• [What is required]: Copy out the entries that follow exactly, leaving every picture behind.

********************

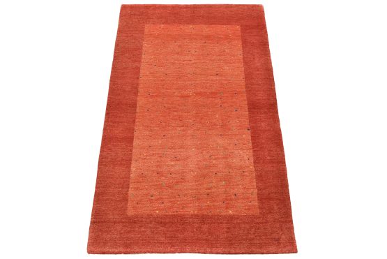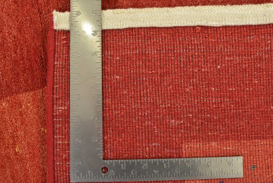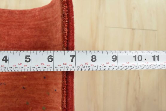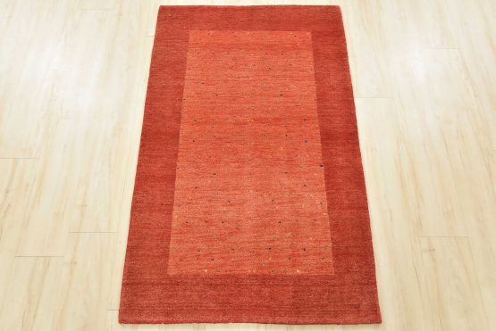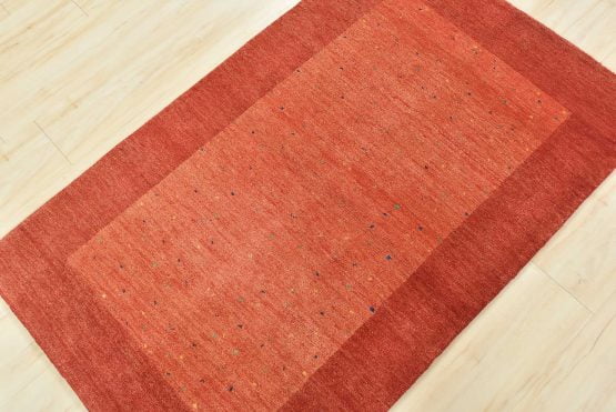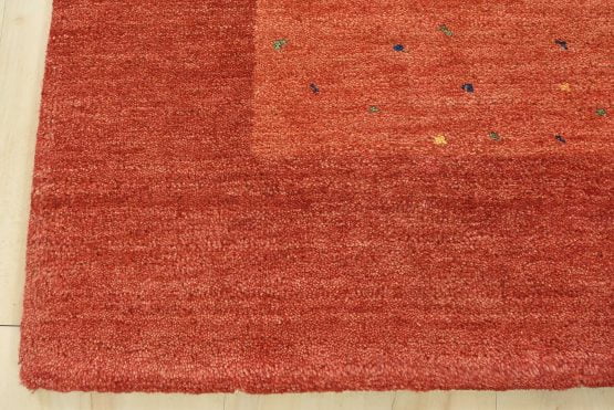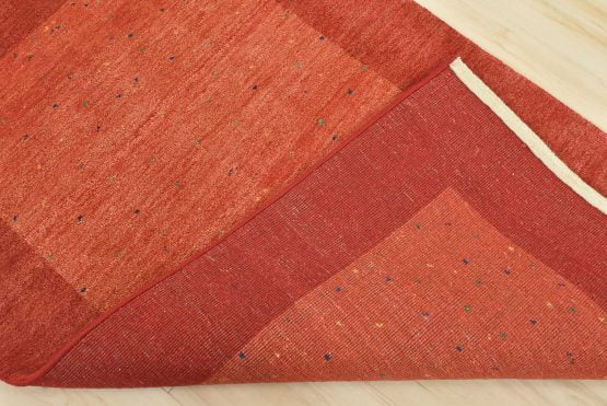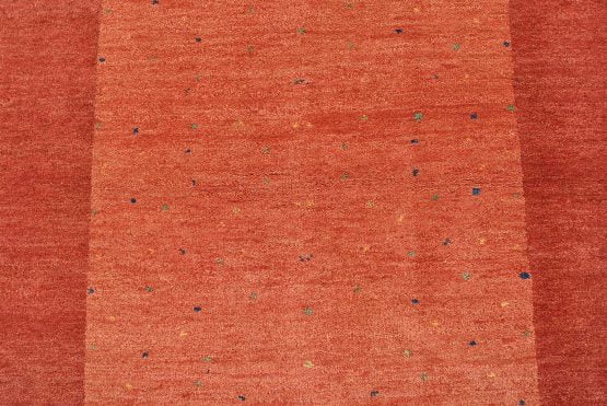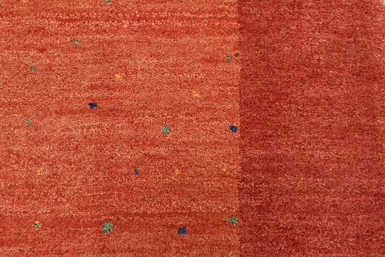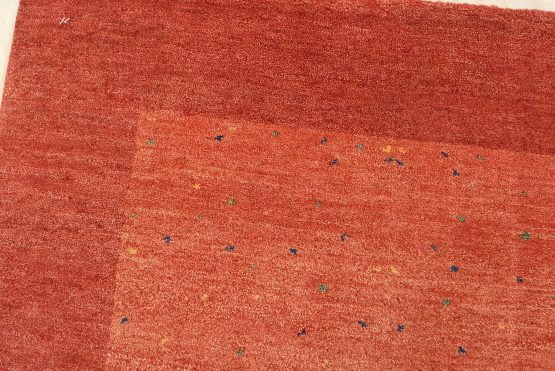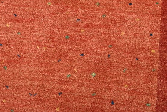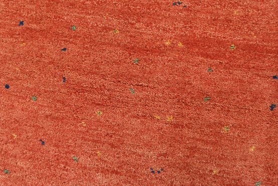 A contemporary Gabbeh rug hand-knotted with an all-wool pile on a cotton foundation. This finely woven area rug features a multicolored sprinkled pattern set against a red background. It is new and in excellent condition.
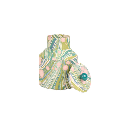 Hand-Marbled Scallop Waste Bin in Robin Blue
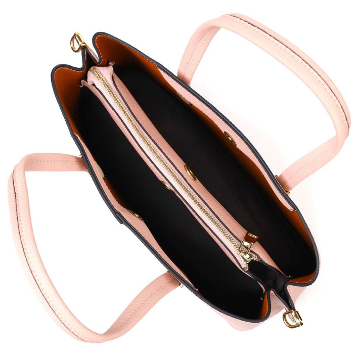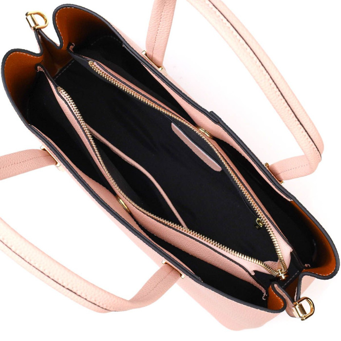 Красива модель жіночої сумки на кожен день з натуральної шкіри високої якості. Виріб дуже зручний, можна носити на плечі та в руках. Модель доповнена фурнітурою кольору жовтого золота. Аксесуар має три основні відділення (бічні відділення закриваються на магніти, а середнє на блискавку), в середньому відділенні дві бічні кишеньки - одна на блискавці та одна відкритого типу. Ідеальний варіант для будь-якої ділової жінки на будь-який сезон.
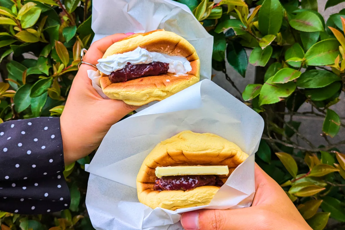 ふわっふわのスフレ生地のどら焼きに挟まれたあんこやトッピングで楽しめます。
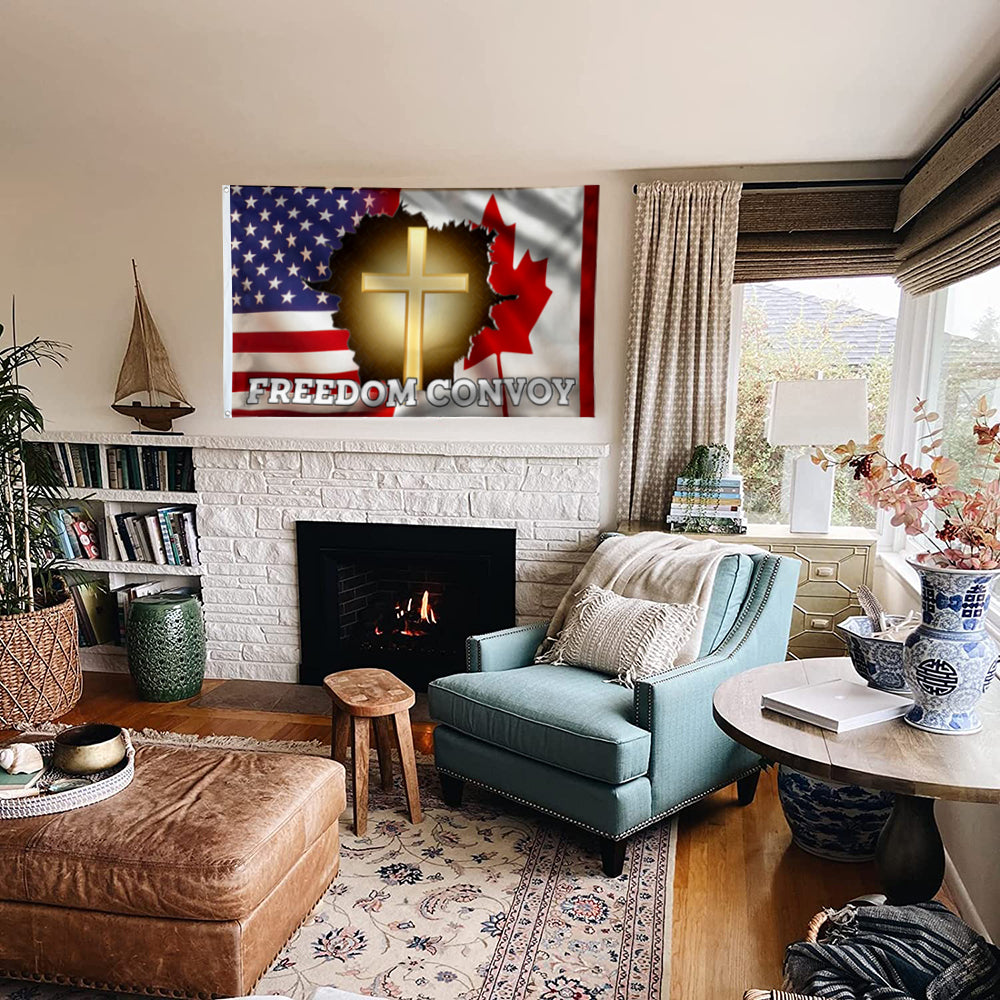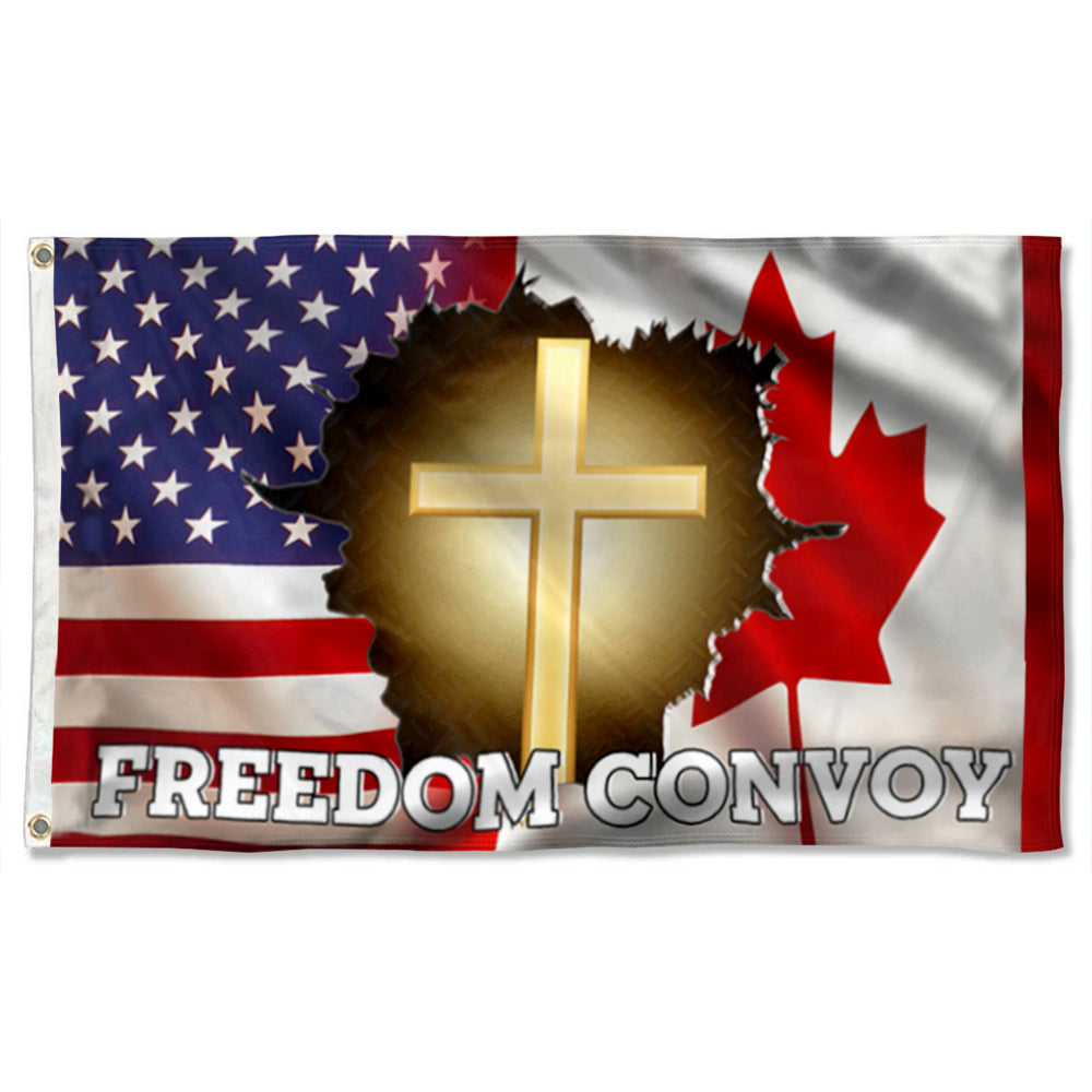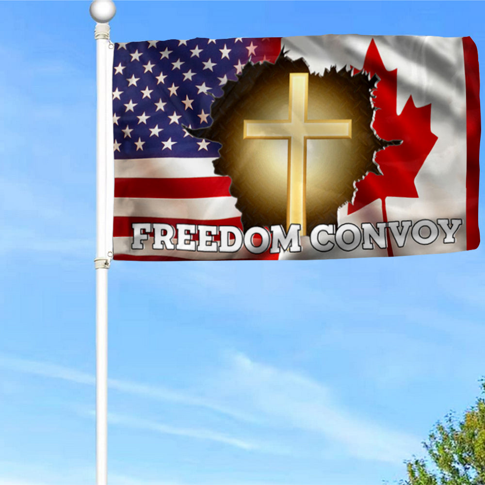 Fyon God Freedom Convoy 2022 Jesus Support Canadian Trucker Mandate Freedom American Canadian Flag 41045 Indoor and outdoor banner
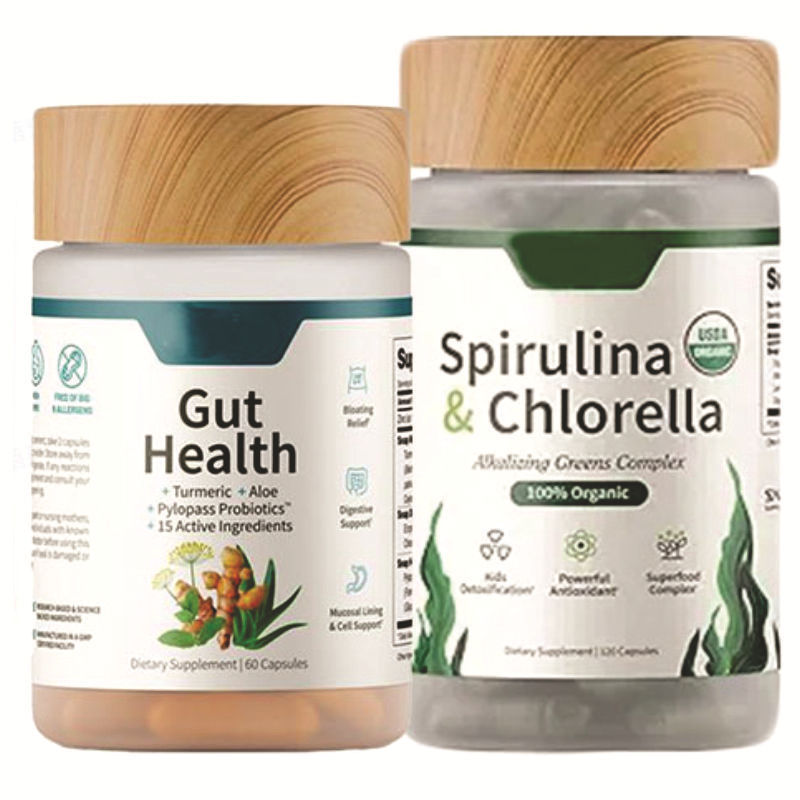 Комбинированная упаковка капсул спирулины и хлореллы с хлорофиллом
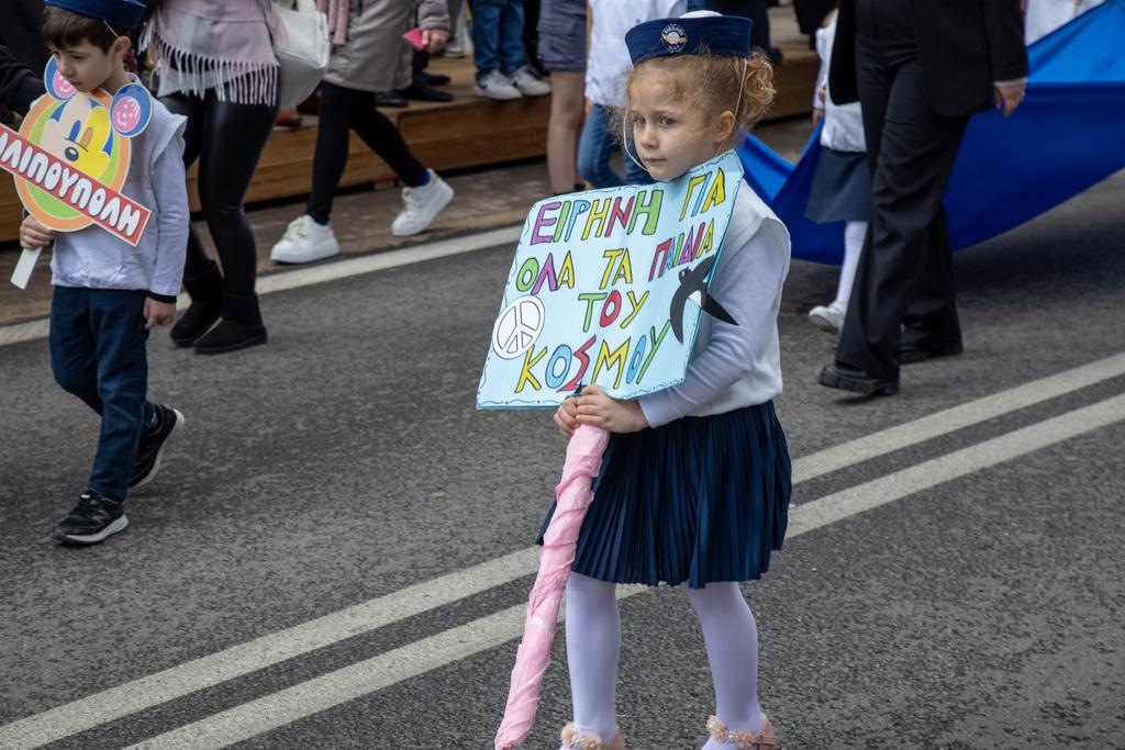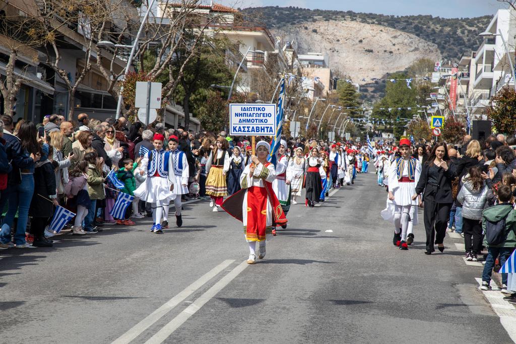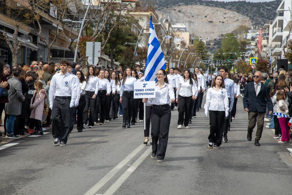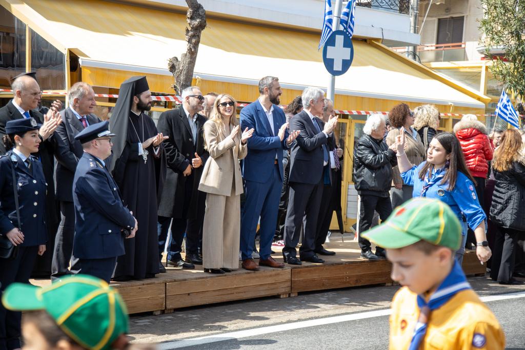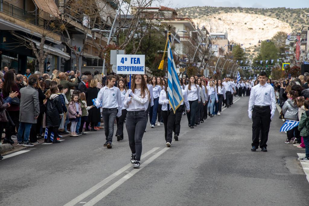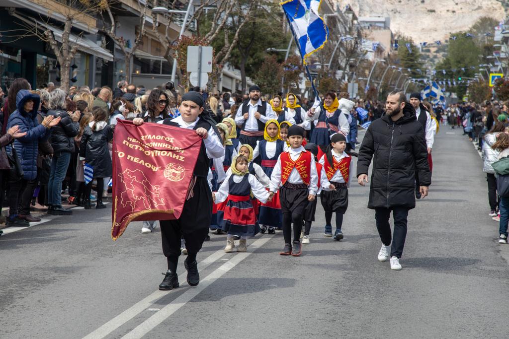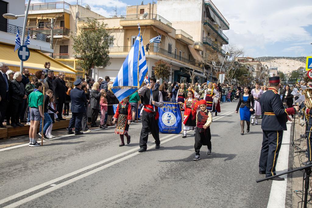 Στη συνέχεια ξεκίνησε η παρέλαση μαθητών και μαθητριών, μελών από τα δημοτικά τμήματα Πολιτισμού και Αθλητισμού, τους Εθνικοτοπικούς-Πολιτιστικούς Συλλόγους και τα Αθλητικά Σωματεία της πόλης μας.
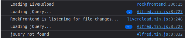 Hi @imandreas Yes, I changed this in _init.php and Alfred now runs as expected. My point is that I think this should be included automatically within the RockFrontend site profile, or be in the RockFrontend documentation for Alfred. Or perhaps the code for Alfred could pop up a JS alert box indicating the need to load JQuery - which would save having to look at the console. $rf->scripts() // load uikit ->add('/site/templates/uikit/dist/js/uikit.min.js', 'defer') // load custom javascript of this project ->add('/site/templates/scripts/main.js', 'defer') // load jQuery from /wire to allow ALFRED testing ->add('/wire/modules/Jquery/JqueryCore/JqueryCore.js', 'defer') // <<< Added // minify on production ->minify($config->debug ? false : true); This is just to get things running for testing - would need to conditionally include it only if alfred is needed.
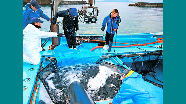 福島県からトラックで運ばれてきた稚魚を漁船の魚倉に移す乗組員ら

********************

• [Solution for this task]:
 A contemporary Gabbeh rug hand-knotted with an all-wool pile on a cotton foundation. This finely woven area rug features a multicolored sprinkled pattern set against a red background. It is new and in excellent condition.
 Hand-Marbled Scallop Waste Bin in Robin Blue
 Красива модель жіночої сумки на кожен день з натуральної шкіри високої якості. Виріб дуже зручний, можна носити на плечі та в руках. Модель доповнена фурнітурою кольору жовтого золота. Аксесуар має три основні відділення (бічні відділення закриваються на магніти, а середнє на блискавку), в середньому відділенні дві бічні кишеньки - одна на блискавці та одна відкритого типу. Ідеальний варіант для будь-якої ділової жінки на будь-який сезон.
 ふわっふわのスフレ生地のどら焼きに挟まれたあんこやトッピングで楽しめます。
 Fyon God Freedom Convoy 2022 Jesus Support Canadian Trucker Mandate Freedom American Canadian Flag 41045 Indoor and outdoor banner
 Комбинированная упаковка капсул спирулины и хлореллы с хлорофиллом
 Στη συνέχεια ξεκίνησε η παρέλαση μαθητών και μαθητριών, μελών από τα δημοτικά τμήματα Πολιτισμού και Αθλητισμού, τους Εθνικοτοπικούς-Πολιτιστικούς Συλλόγους και τα Αθλητικά Σωματεία της πόλης μας.
 Hi @imandreas Yes, I changed this in _init.php and Alfred now runs as expected. My point is that I think this should be included automatically within the RockFrontend site profile, or be in the RockFrontend documentation for Alfred. Or perhaps the code for Alfred could pop up a JS alert box indicating the need to load JQuery - which would save having to look at the console. $rf->scripts() // load uikit ->add('/site/templates/uikit/dist/js/uikit.min.js', 'defer') // load custom javascript of this project ->add('/site/templates/scripts/main.js', 'defer') // load jQuery from /wire to allow ALFRED testing ->add('/wire/modules/Jquery/JqueryCore/JqueryCore.js', 'defer') // <<< Added // minify on production ->minify($config->debug ? false : true); This is just to get things running for testing - would need to conditionally include it only if alfred is needed.
 福島県からトラックで運ばれてきた稚魚を漁船の魚倉に移す乗組員ら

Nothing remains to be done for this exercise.